_Exercise requirements_
One range is to be output from the listing below, exactly as written: the line with "Gri ve beyaz" to the line with "1月14日,在法國巴黎舉行的", both kept.

_Dataset records_
┌────────
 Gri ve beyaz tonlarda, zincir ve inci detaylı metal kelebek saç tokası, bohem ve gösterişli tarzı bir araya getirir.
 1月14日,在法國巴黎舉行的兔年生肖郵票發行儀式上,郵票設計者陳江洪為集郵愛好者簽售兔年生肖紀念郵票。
└────────
┌────────
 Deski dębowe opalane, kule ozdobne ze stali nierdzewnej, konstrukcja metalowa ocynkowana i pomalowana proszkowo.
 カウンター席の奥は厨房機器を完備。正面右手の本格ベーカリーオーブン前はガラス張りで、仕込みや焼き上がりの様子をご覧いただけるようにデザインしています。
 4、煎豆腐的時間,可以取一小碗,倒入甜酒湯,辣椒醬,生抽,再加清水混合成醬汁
└────────
┌────────
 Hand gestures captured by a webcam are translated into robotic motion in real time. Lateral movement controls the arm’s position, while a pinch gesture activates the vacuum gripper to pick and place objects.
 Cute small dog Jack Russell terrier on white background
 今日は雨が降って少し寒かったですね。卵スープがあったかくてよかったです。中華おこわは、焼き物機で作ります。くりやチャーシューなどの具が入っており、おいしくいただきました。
└────────
_Answer_
 Gri ve beyaz tonlarda, zincir ve inci detaylı metal kelebek saç tokası, bohem ve gösterişli tarzı bir araya getirir.
 1月14日,在法國巴黎舉行的兔年生肖郵票發行儀式上,郵票設計者陳江洪為集郵愛好者簽售兔年生肖紀念郵票。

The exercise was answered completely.